We have been interesting in recommendation and categorization of UGM contents, such as movies [3] , and scientific papers [4] . We also proposed a ranking method of the online novels based on viewer's bookmarks [5] . We applied a faceted analysis of documents [6, 7] as a part of categorization research.
In this paper, we focus on categorization of online novels. Compared with traditional printed books, it is difficult to classify the online novels in syosetu.com. In the case of traditional printed books, professional editors assure the quality of books at the time of publishing. Trained librarians gave appropriate category words to each book. Category words are from a controlled vocabulary set. Trained librarians select words of controlled vocabulary, and each word is assigned at a tree structure. The tree structure describes semantic hierarchy. There is little fluctuation for categorization.
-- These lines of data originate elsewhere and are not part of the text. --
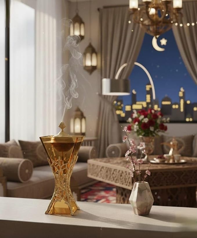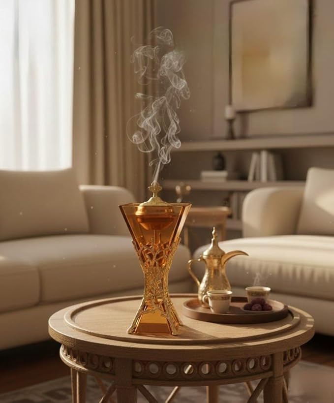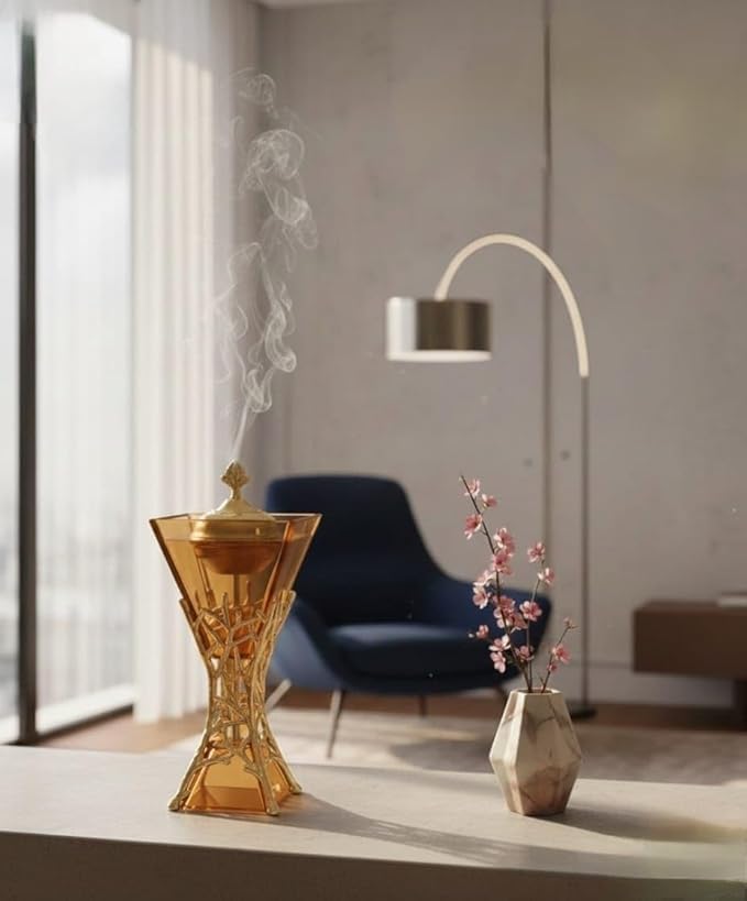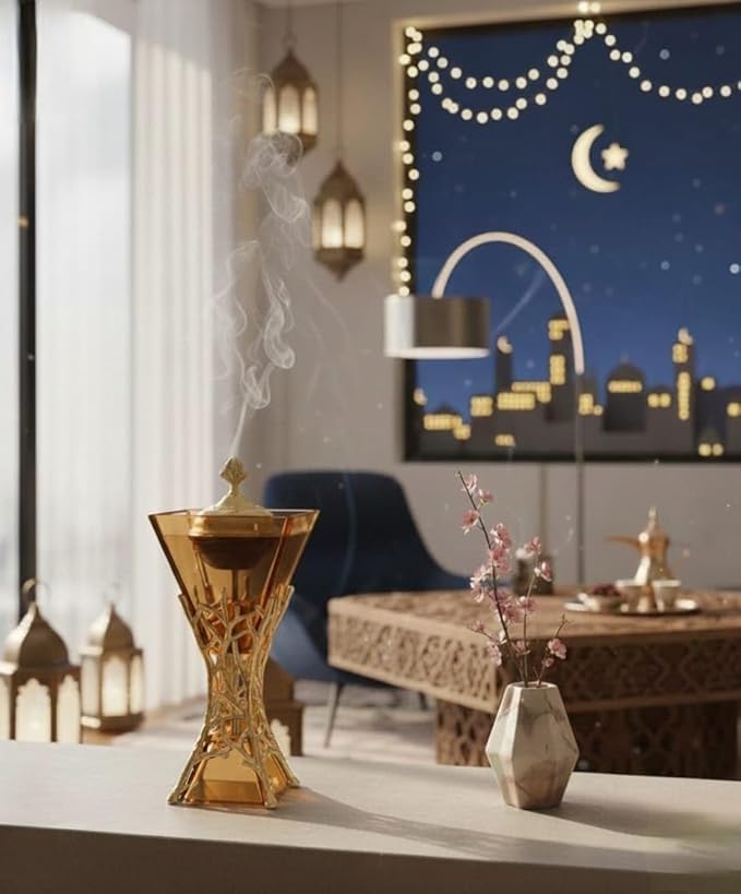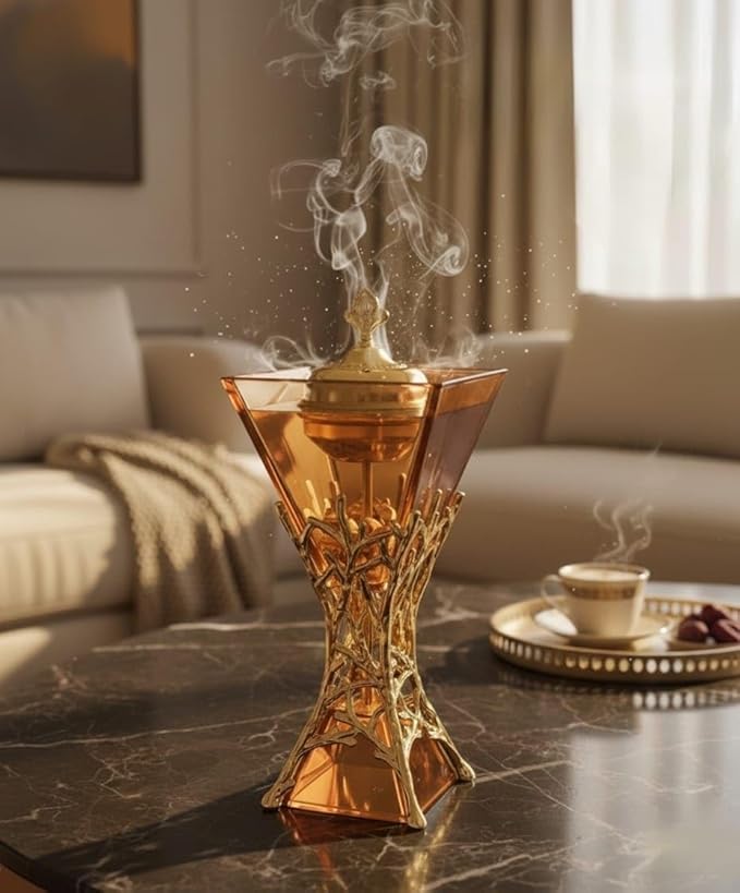Generic - Arabic Heritage Incense Burner Elegant Metal Gold with Stained Glass (Honey) Aromatherapy for Ramadan Mubarak Islamic Party Table Decor for Home Living Room Office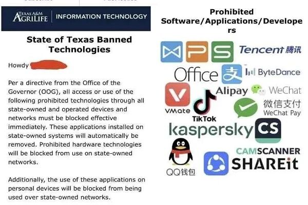 某华人论坛用户近日分享,得州农工大学(TAMU)的学生收到IT部门通知,学校将禁止所有(中国)国有与国营的设备,以及抖音、支付宝、微信、QQ、WPS等应用软件。
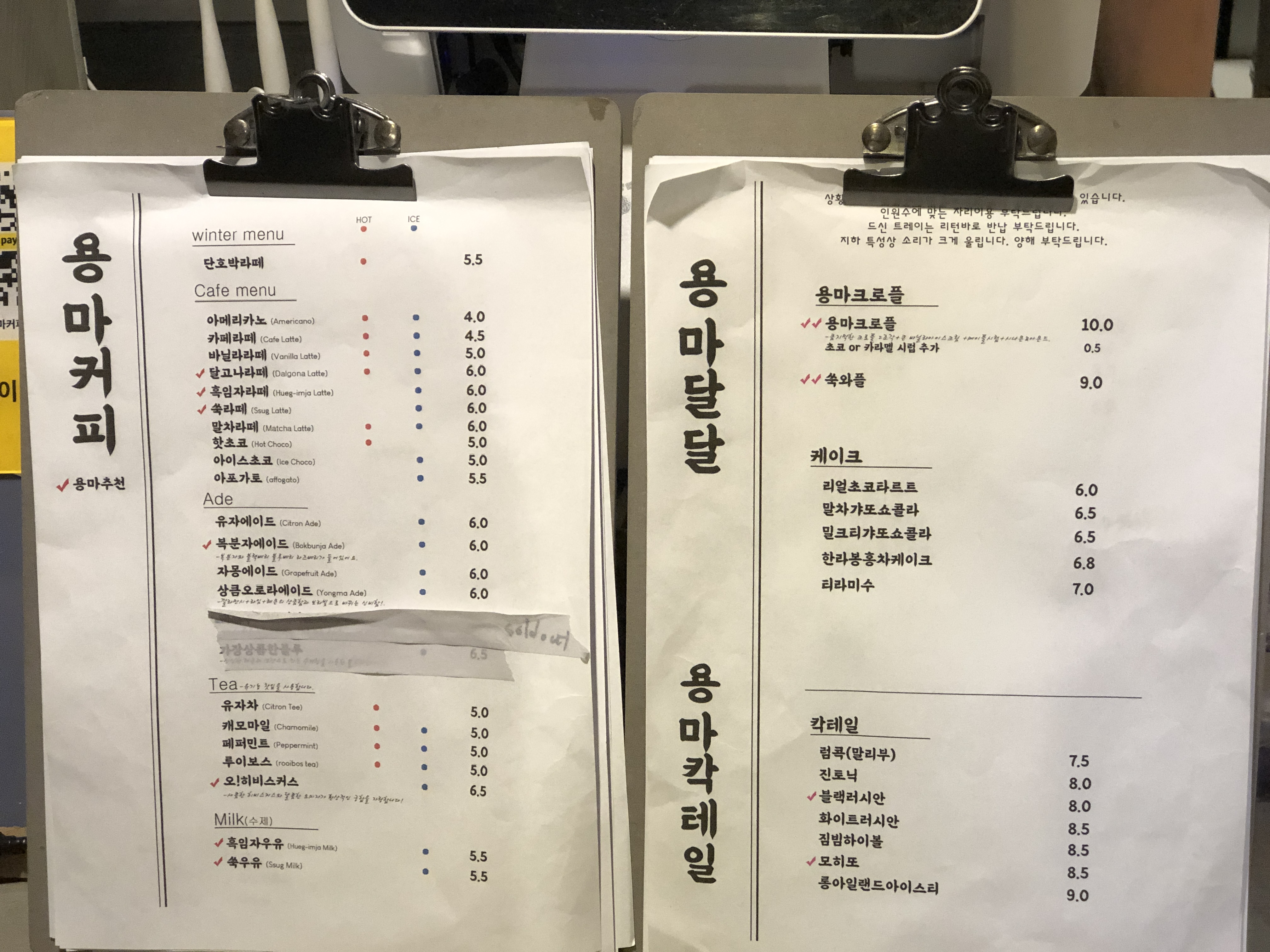 오늘은 힙한 카페, 용마커피를 다녀온 이야기를 써봤다. 자개장으로 내부를 장식한점은 이곳만의 차별점이었다. 다만 몇가지 아쉬운 점도 눈에 띄었다. 첫째는 내부에 화장실이 없어 1층으로 올라가야한다. 근데 이게 남녀 공용이라 호불호가 크게 갈릴듯 싶다. 그리고 개인적인 취향인데, 소리가 좀 울리는 느낌이 들었다. 이제 나이들어서 소리가 울리면 대화가 잘 안된다. 근데도 잘 하는 사람들을 보면 신기하다. 좀더 푹신푹신한걸 벽에 바르면 흡음이 될텐데 그런점이 개선되면 좀더 좋은 카페가 될 것 같다.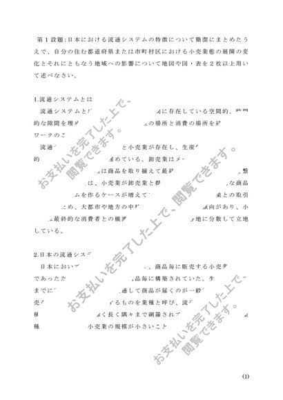 【2015年度合格リポート】Q0702 人文地理学 第1設題 A判定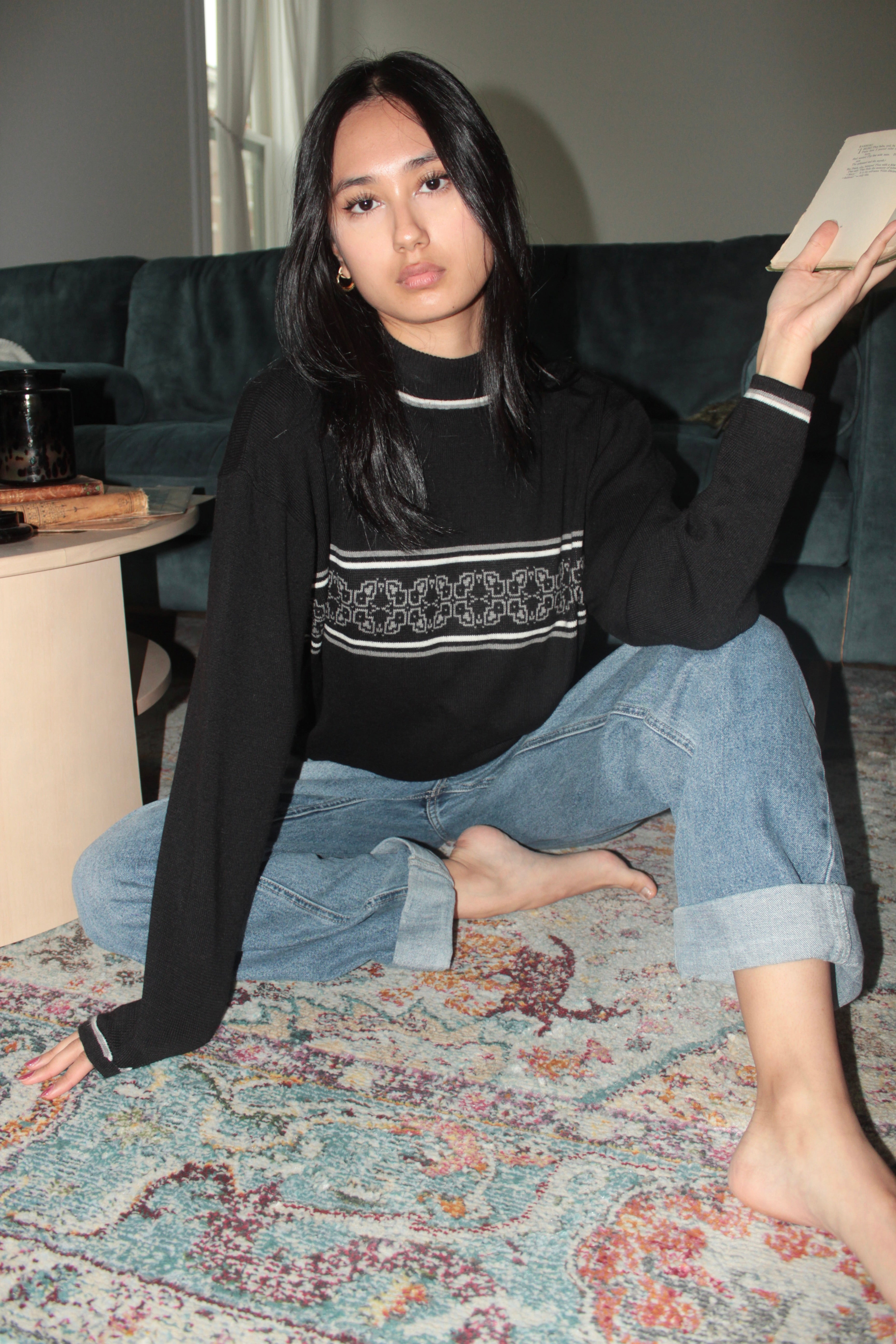 Vintage 90s Black Ribbed Turtleneck With Contrast Stripe (S)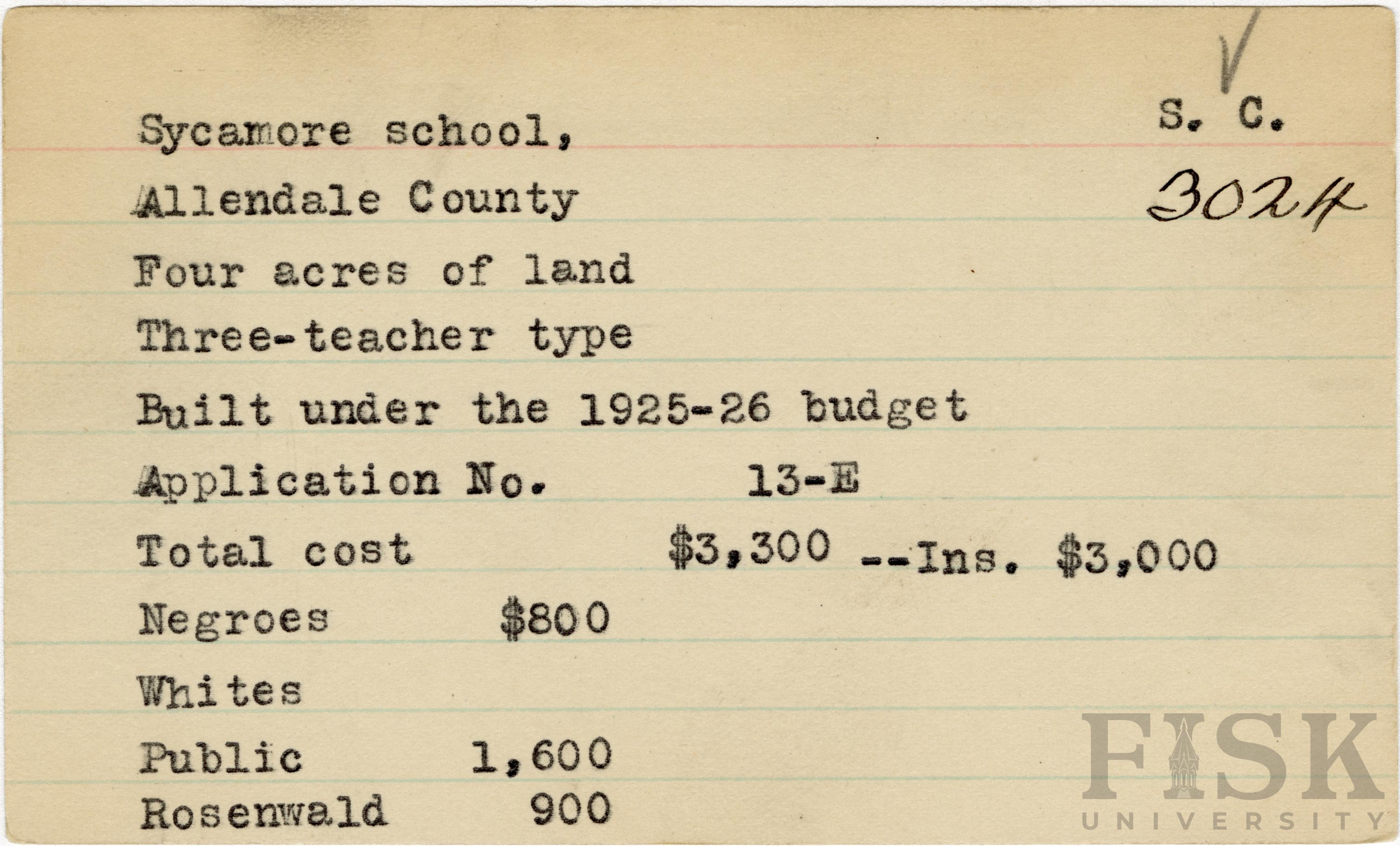 School card from Rosenwald Fund for Sycamore School in Allendale County, South Carolina with a section added to the budget contributions that says, "Ins. $3,000"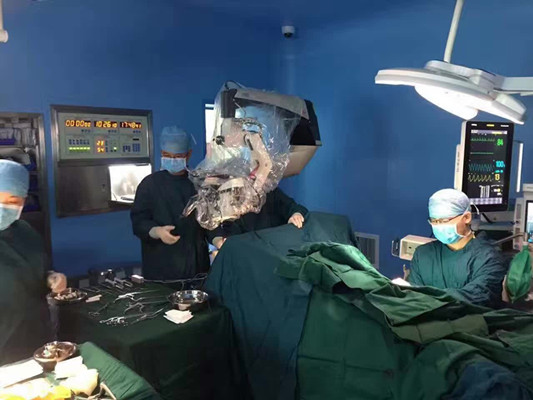 8日上午10点,神经外科雷霆教授操刀了中法新城院区的第一台手术,为一个专程从荆州转院来的48岁患垂体瘤的病人切除了肿瘤。

On the other hand, there is no professional editor or no trained librarian concerning to UGM, neither quality evaluation nor categorization of UGM contents is clear. Most online novel authors are amateurs. They are not trained in scripting, and do not know the controlled vocabulary used for categorization. The author may freely give keywords to their novel, some of which are not suitable as classification words. For example, a fantasy novel, like Harry Potter by J. K. Rowling, is given "history" as a keyword. Moreover, they often generate new keywords, which is not referred on dictionary.
A tag cloud is useful for finding a major tag (keyword) from not so many keywords. However, when the number of contents is huge, then the number of keywords also becomes very huge. It is impossible to take a glance at minor keywords on tag cloud. Actually, more than 90 thousand unique keywords exist for 140 thousand contents in syosetu.com. Clustering or hierarchical structure are necessary for massive contents automatic categorization.
Toward automatic categorization, we have to understand relation between keywords. In this paper, we focused on analysis of keywords relation using concept graph [8, 9] . Concept graph is based on statistical analysis of word frequency and co-occurrence. We also show several interesting relations on concept graph.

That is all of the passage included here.